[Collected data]
########################################
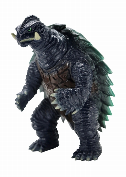 CCPミドルサイズでガメラシリーズ始動!!1996年公開の映画『ガメラ2 レギオン襲来』から1996年版のガメラを手のひらサイズに落とし込んだ、手になじむ程よいサイズ感のレトロなソフビが登場。レトロな雰囲気ながら造形面、特徴である丸みを帯びた甲羅や前傾姿勢のシルエット、表情などにもこだわりを感じます。ガメラの体表をイメージした暗いブルーの成形に、ブラウンの腹甲と、ダークグリーン・メタリックグリーンの2色を吹きかけた甲羅。ガメラらしさにあふれたスタンダードなカラーリングになっています。ヘッダーデザインは、イラストレーター八重樫紀史氏による描き下ろし。
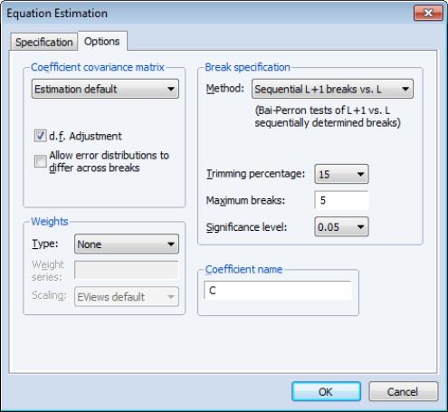 Next, click on the tab to display additional settings for calculation of the coefficient covariance matrix, specification of the breakpoints, weighting, and the coefficient name.
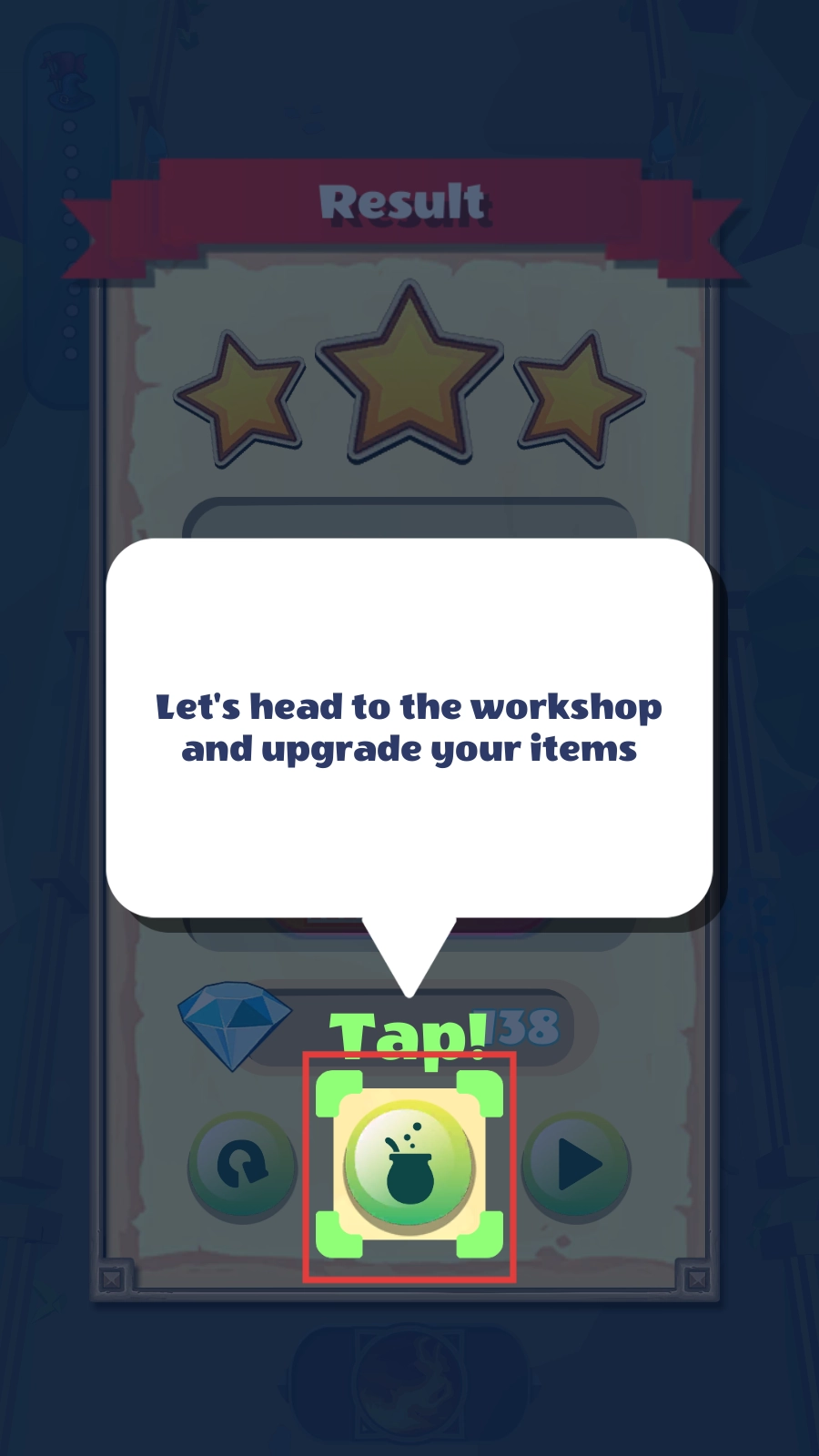 通关之后,点击坩埚形状的图标就能进入工坊,利用获得的奖励去升级物品,这样魔法会变得更强劲,然后就可以挑战新的关卡了。
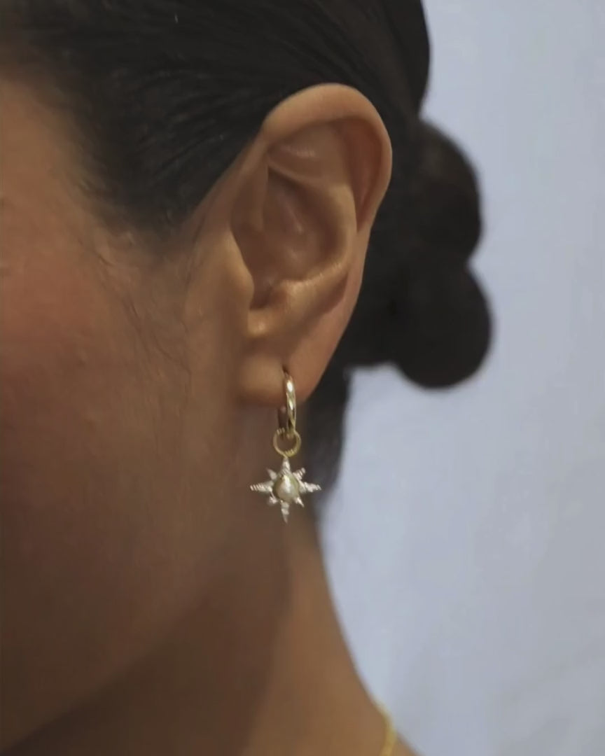 Our intricate LYRA earring charms, now in timeless pearl, can be worn with any of our reversible hoops or even your own hoops.
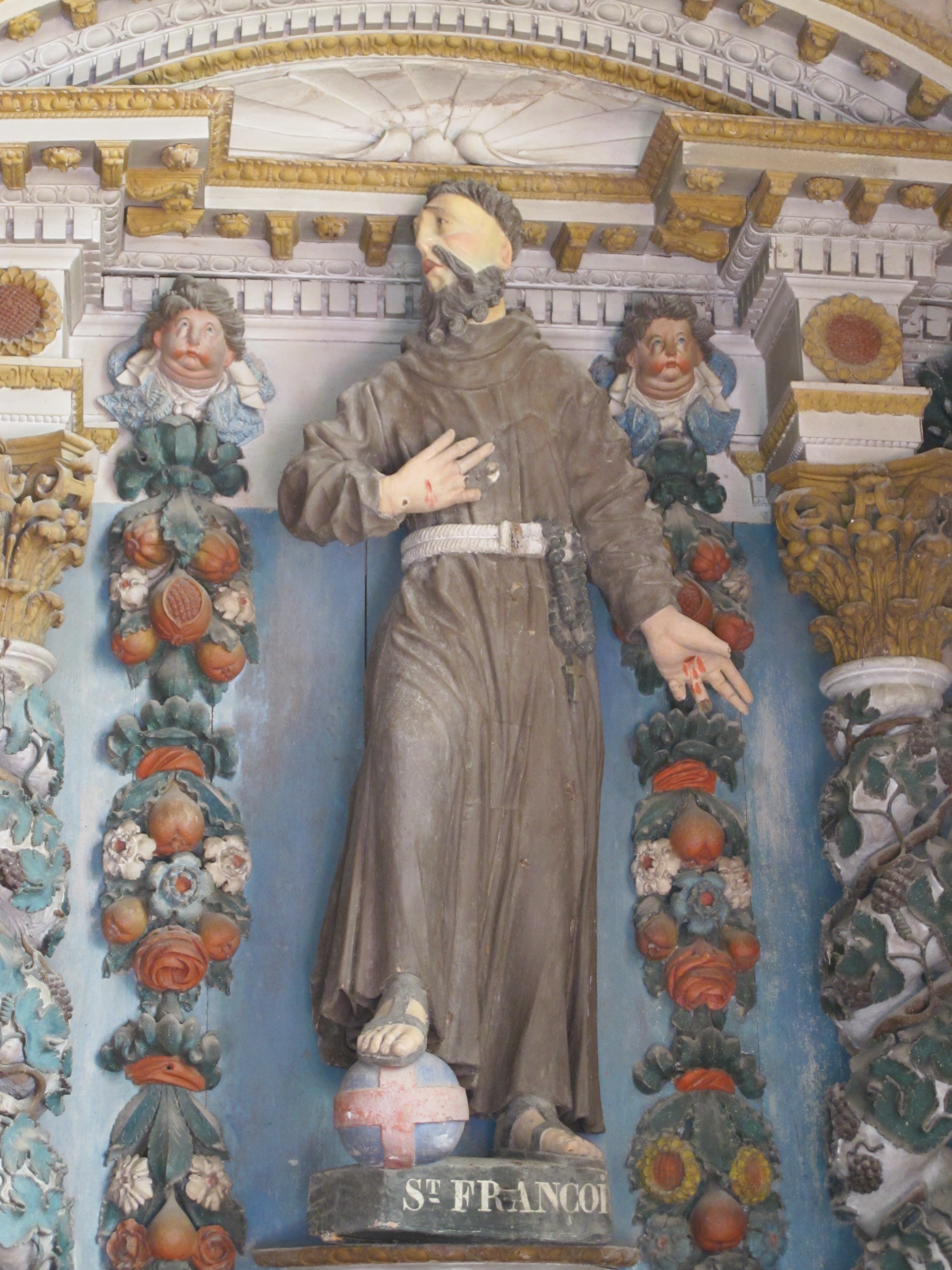 Statue (grandeur nature, d'applique) : saint François d'Assise, église paroissiale Saint-Barnabé (Langoëlan),
########################################
§ **About this task**: Could you output all of the entries above exactly? Leave the pictures out.

§ **Output for this exercise**:
 CCPミドルサイズでガメラシリーズ始動!!1996年公開の映画『ガメラ2 レギオン襲来』から1996年版のガメラを手のひらサイズに落とし込んだ、手になじむ程よいサイズ感のレトロなソフビが登場。レトロな雰囲気ながら造形面、特徴である丸みを帯びた甲羅や前傾姿勢のシルエット、表情などにもこだわりを感じます。ガメラの体表をイメージした暗いブルーの成形に、ブラウンの腹甲と、ダークグリーン・メタリックグリーンの2色を吹きかけた甲羅。ガメラらしさにあふれたスタンダードなカラーリングになっています。ヘッダーデザインは、イラストレーター八重樫紀史氏による描き下ろし。
 Next, click on the tab to display additional settings for calculation of the coefficient covariance matrix, specification of the breakpoints, weighting, and the coefficient name.
 通关之后,点击坩埚形状的图标就能进入工坊,利用获得的奖励去升级物品,这样魔法会变得更强劲,然后就可以挑战新的关卡了。
 Our intricate LYRA earring charms, now in timeless pearl, can be worn with any of our reversible hoops or even your own hoops.
 Statue (grandeur nature, d'applique) : saint François d'Assise, église paroissiale Saint-Barnabé (Langoëlan),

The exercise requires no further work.